Table 4 further reveals that infection risks tend to be lower in MSOAs with higher percentages of adults aged 65 years and older (RR = 0.9934, 95% CI 0.9929–0.9938), and those with higher percentages of adults aged 18–29 years (RR = 0.9950, 95% CI 0.9947–0.9954). Conversely, the population aged between 45 and 64 years old was positively correlated with infections, with a 1% increase being associated with a 0.31% higher rate. Additionally, there was a positive relationship between \(\text {PM}_{2.5}\) concentrations and COVID-19 infections, with a 1 µg \(\text {m}^{-3}\) increase in concentrations associated with between a 0.83% and a 1.67% increased rate (RR = 1.0126, 95% CI 1.0083–1.0167). Finally, increasing the number of care home beds per adult population (RR = 1.0134, 95% CI 1.0121–1.0147) was diagnosed positively linked to higher infection risks.

Hotspots of COVID-19 infection rates

It is of interest to identify which MSOAs showed the high infection risks during the study period, and if there were any areas that consistently exhibited high risks.
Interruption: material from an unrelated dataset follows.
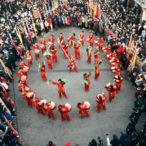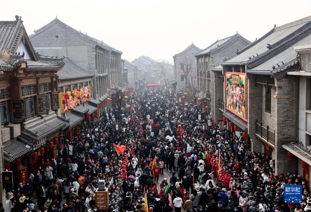 当日是农历正月十六,在河南省浚县举行的正月古庙会上,几十支社火团队轮番表演,踩高跷、扭秧歌、耍狮子,锣鼓喧天,热闹非凡,形成一道富有特色的中原文化景观。河南省浚县的正月古庙会已有1600多年历史,有“华北第一庙会”之称,被誉为民俗文化的“活化石”,是中国民间文化保护工程项目、国家级非物质文化遗产。

Here k-means clustering60 was used to identify the clusters of MSOAs with high and low infections. For ease of data visualization, we divided the 108-week time frame into six consecutive and non-overlapping intervals, each spanning 18 weeks. Since k-means clustering uses distance-based measurements to determine the similarity between data observations, we standardised the estimated infections risks during weeks 1 to 18, 19 to 36, 37 to 54, 55 to 72, 73 to 90 and 91 to 108, respectively, and then applied k-means clustering to the standardised risks. The MSOAs were assigned to between one and ten clusters based on their similarities in the estimated risks, and the optimal number of clusters was determined by using the elbow method61. Here the optimal number of clusters is 3 clusters for each time interval, and hence the MSOAs were classified into three distinct clusters that have a high, medium, and low level of infection risk, respectively. Figure 3 displays the spatial patterns of the cluster memberships of MSOAs for each time interval.

Figure 3
figure 3

Maps showing the clusters that were formed according to the estimated infection risks at MSOA level during weeks 1–18 (7 March 2020–4 July 2020), weeks 19–36 (11 July 2020–7 Nov 2020), weeks 37–54 (14 Nov 2020–13 March 2021), weeks 55–72 (20 March 2021–17 July 2021), weeks 73–90 (24 July 2021–20 Nov 2021) and weeks 91–108 (27 Nov 2021–26 March 2022), respectively.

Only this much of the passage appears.